Dev dependencies: pytest>=8.0, pytest-asyncio>=0.23, httpx>=0.27
- Pre-dispatch cost estimation: Uses rough token count approximation (word count * 1.3) for budget and anomaly checks
- No provider configuration examples: llmscope core handles providers, but setup is not demonstrated in this repo
- No post-dispatch policy: Only pre-dispatch evaluation is implemented
- No policy hot reload: Policy changes require engine reload or restart
- POSIX-only file locking: fcntl advisory locking is not portable to Windows
- No authentication or RBAC: This is a reference implementation, not a production service
- CLI-only queries: No HTTP query API (queries run via
python -m reporting.queries) - Local JSONL artifacts only: No database or distributed artifact store
- Web dashboard or UI
- Authentication or authorization
- Multi-tenant console
- Plugin system or policy DSL
- Generic analytics platform
- Distributed system architecture
- Streaming inference
- Agent orchestration
- Evaluation pipelines or LLM-as-judge workflows
These are not planned for the first release.

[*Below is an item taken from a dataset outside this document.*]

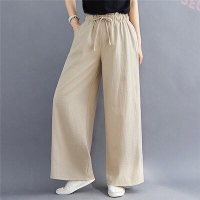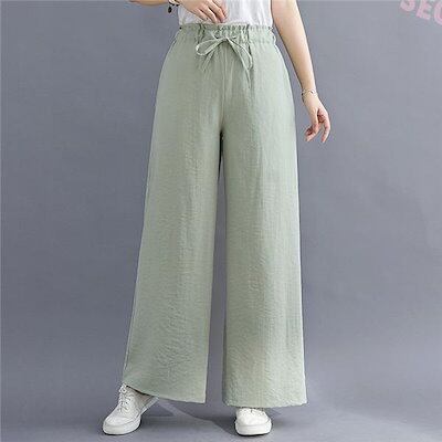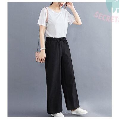 新品(タイムセール)ワイドパンツ レディース リネン風 綿 コットン ゆったり 洗える 体型カバー ロング丈 ナチュラル ボ カジュアル 大きいサイズ 無地

Potential extensions (not committed):
- Provider setup documentation
- Post-dispatch policy evaluation (e.g., output validation)
- Policy reload HTTP endpoint
- HTTP query API (expose queries via REST endpoints)
- Windows compatibility (replace fcntl with cross-platform locking)
Reference implementation for demonstration purposes.